- **Exercise data**:

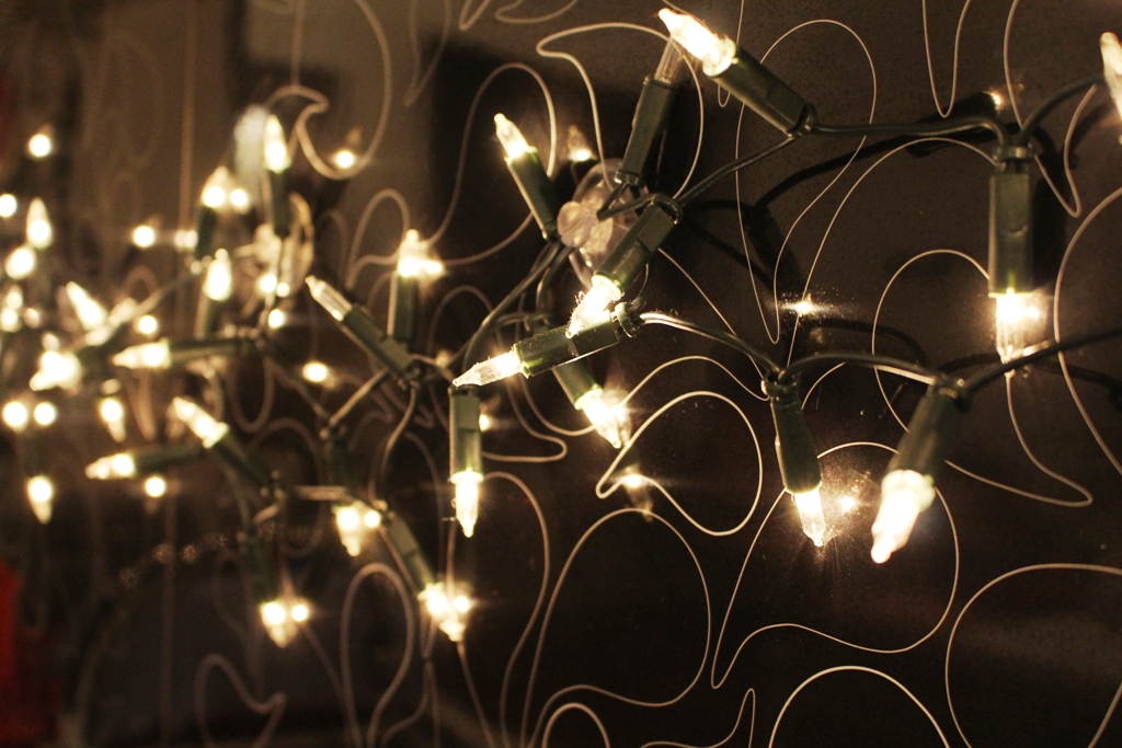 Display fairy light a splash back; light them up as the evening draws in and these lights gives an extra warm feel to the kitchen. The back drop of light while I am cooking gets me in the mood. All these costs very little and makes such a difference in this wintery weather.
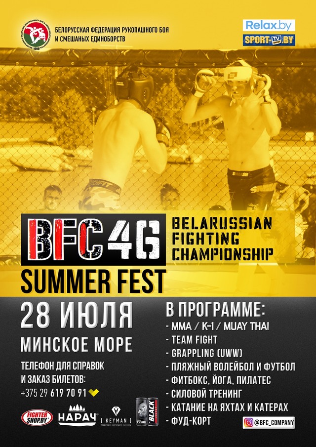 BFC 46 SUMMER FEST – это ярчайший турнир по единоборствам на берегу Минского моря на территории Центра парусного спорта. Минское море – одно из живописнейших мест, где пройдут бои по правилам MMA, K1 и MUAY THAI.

* * *

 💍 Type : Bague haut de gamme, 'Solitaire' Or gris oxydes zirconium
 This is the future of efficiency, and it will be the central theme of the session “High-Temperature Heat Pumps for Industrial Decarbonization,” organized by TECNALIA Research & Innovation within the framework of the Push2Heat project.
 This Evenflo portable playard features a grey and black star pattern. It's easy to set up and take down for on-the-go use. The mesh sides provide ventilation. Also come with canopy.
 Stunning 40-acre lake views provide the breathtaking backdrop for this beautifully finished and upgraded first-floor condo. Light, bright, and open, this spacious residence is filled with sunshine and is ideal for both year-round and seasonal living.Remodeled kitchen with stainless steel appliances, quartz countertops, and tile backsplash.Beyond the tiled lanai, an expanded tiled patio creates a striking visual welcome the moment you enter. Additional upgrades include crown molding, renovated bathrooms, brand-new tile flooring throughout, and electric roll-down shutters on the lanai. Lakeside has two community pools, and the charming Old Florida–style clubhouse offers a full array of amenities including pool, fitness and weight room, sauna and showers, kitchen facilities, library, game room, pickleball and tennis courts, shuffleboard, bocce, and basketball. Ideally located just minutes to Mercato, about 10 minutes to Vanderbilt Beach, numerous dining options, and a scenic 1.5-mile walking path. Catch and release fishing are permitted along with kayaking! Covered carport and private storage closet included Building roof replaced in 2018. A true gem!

* * *

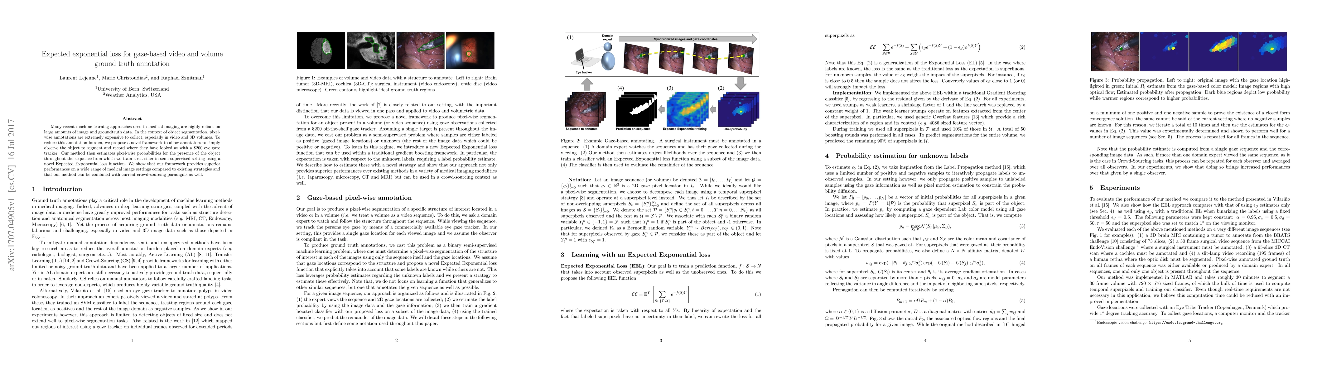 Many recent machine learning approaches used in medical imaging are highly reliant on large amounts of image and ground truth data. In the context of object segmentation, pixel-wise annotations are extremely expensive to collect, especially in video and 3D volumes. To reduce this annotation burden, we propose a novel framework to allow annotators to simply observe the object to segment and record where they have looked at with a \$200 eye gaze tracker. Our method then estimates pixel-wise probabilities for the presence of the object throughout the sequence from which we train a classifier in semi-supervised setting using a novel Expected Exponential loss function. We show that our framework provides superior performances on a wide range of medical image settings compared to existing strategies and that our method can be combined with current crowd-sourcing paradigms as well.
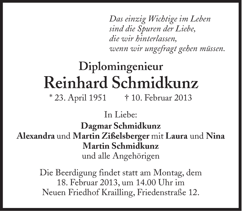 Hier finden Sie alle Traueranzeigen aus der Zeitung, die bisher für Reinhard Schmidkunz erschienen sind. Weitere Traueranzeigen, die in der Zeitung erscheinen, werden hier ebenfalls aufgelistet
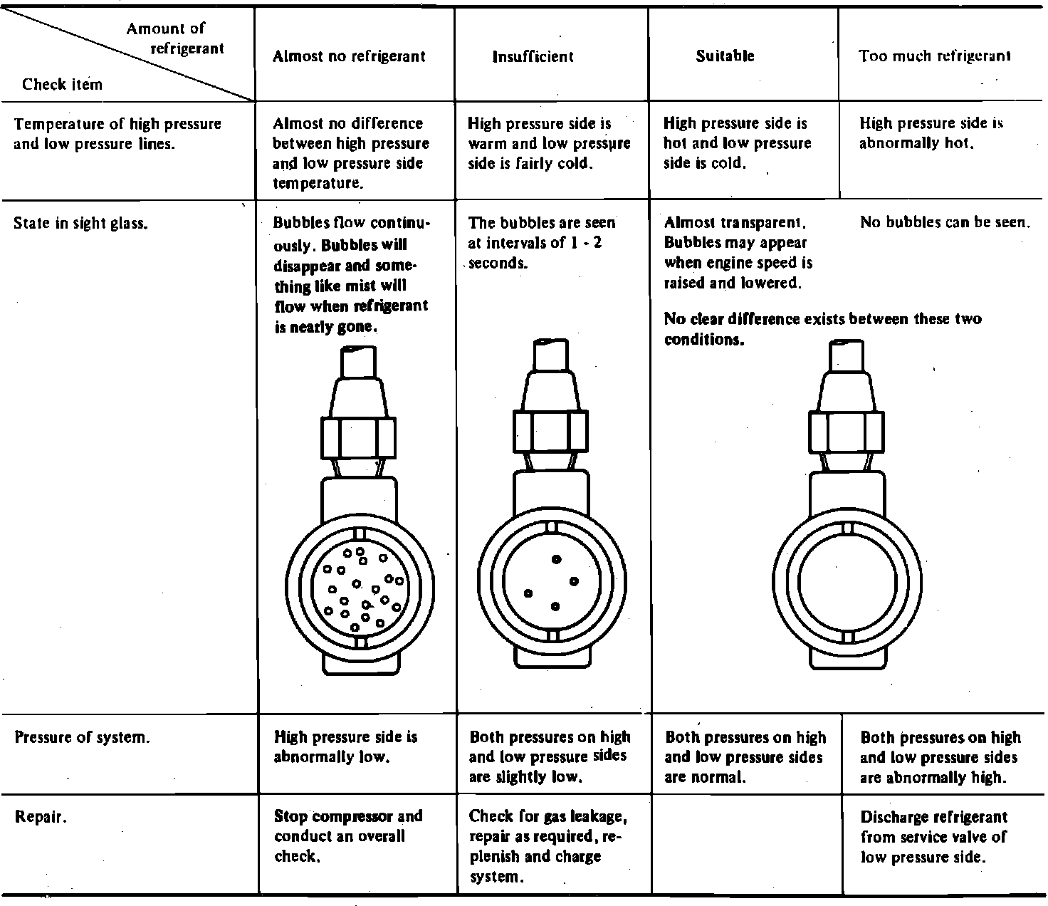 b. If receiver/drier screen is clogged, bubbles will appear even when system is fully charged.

- **Problem details**: Go through the listing above, and whenever a line holds the word "down", copy it.

- **The answer**:
 This Evenflo portable playard features a grey and black star pattern. It's easy to set up and take down for on-the-go use. The mesh sides provide ventilation. Also come with canopy.
 Stunning 40-acre lake views provide the breathtaking backdrop for this beautifully finished and upgraded first-floor condo. Light, bright, and open, this spacious residence is filled with sunshine and is ideal for both year-round and seasonal living.Remodeled kitchen with stainless steel appliances, quartz countertops, and tile backsplash.Beyond the tiled lanai, an expanded tiled patio creates a striking visual welcome the moment you enter. Additional upgrades include crown molding, renovated bathrooms, brand-new tile flooring throughout, and electric roll-down shutters on the lanai. Lakeside has two community pools, and the charming Old Florida–style clubhouse offers a full array of amenities including pool, fitness and weight room, sauna and showers, kitchen facilities, library, game room, pickleball and tennis courts, shuffleboard, bocce, and basketball. Ideally located just minutes to Mercato, about 10 minutes to Vanderbilt Beach, numerous dining options, and a scenic 1.5-mile walking path. Catch and release fishing are permitted along with kayaking! Covered carport and private storage closet included Building roof replaced in 2018. A true gem!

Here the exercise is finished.